=== Brief ===
Copy out exactly the lines from the one with "ここでは仮の数値を用いた想定" through the last line of the listing below, both included, but none of the pictures.

=== Data ===
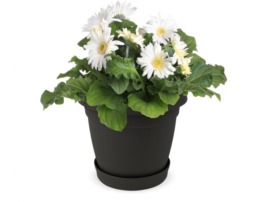 - Na dně květináče jsou odtokové otvory, které zabraňují přemokření kořenového obalu.
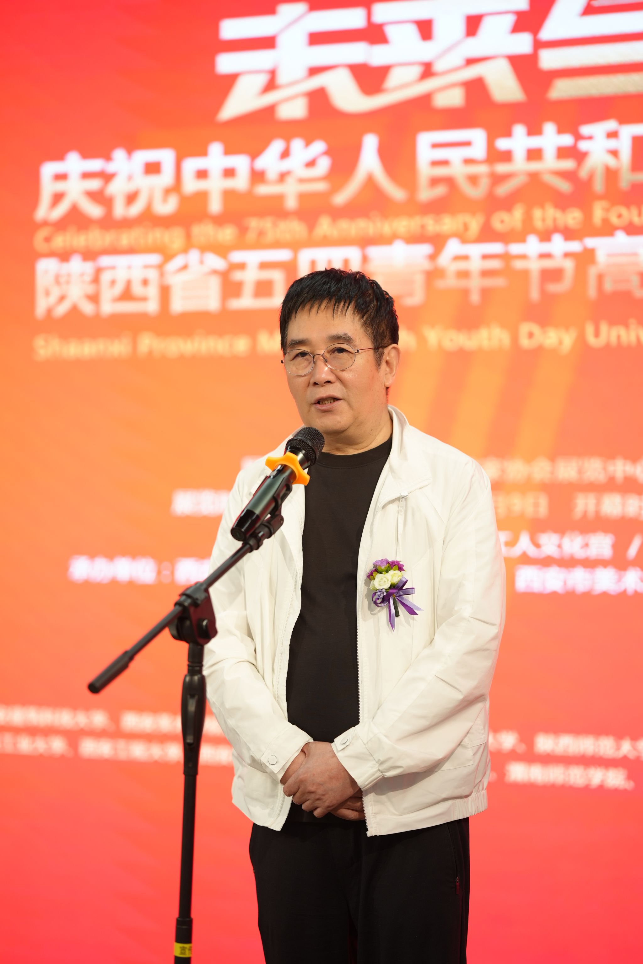 陕西省美术家协会副主席蔺宝刚、西安市美术家协会主席杨霜林等在开幕式现场致辞,杨霜林先生提到:树高千尺有根,江河万里有源,期待通过这些华诞献礼,鼓励各高校师生辛勤耕耘,深研绘画技法和理论,进一步激发青年人的创造力和创新精神。
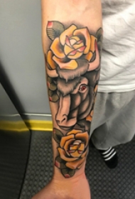 公牛图腾纹身 男生手臂上黄玫瑰和牛纹身图片
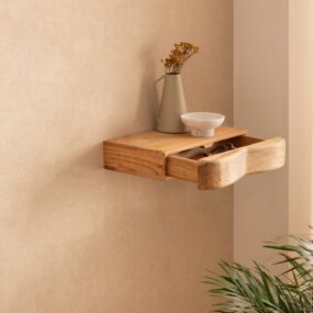- Keine sichtbaren Halterungen – Holzregal scheint an der Wand zu schweben
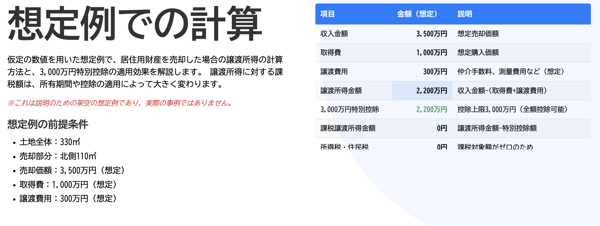 ここでは仮の数値を用いた想定例により、居住用財産を売却した場合の譲渡所得の計算方法と「3,000万円特別控除」を適用した際の効果を解説しますね。
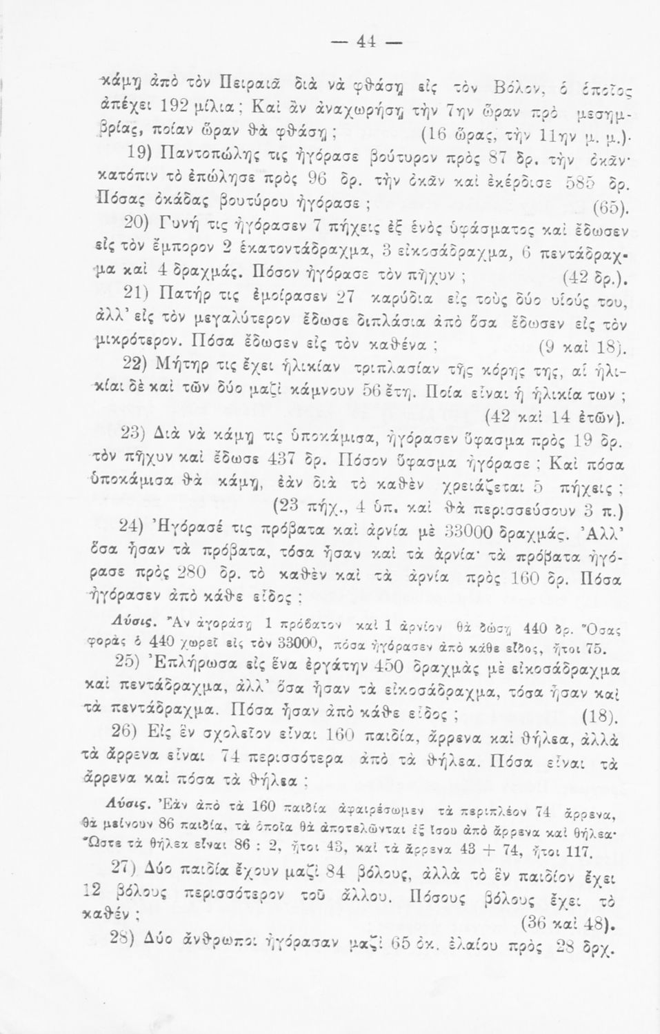 Τάξη:  Α' Γυμνάσιου / Β' Γυμνάσιου / Ανώτερα Παρθεναγωγεία / Α' Διδασκαλείου

=== Response for this exercise ===
 ここでは仮の数値を用いた想定例により、居住用財産を売却した場合の譲渡所得の計算方法と「3,000万円特別控除」を適用した際の効果を解説しますね。
 Τάξη:  Α' Γυμνάσιου / Β' Γυμνάσιου / Ανώτερα Παρθεναγωγεία / Α' Διδασκαλείου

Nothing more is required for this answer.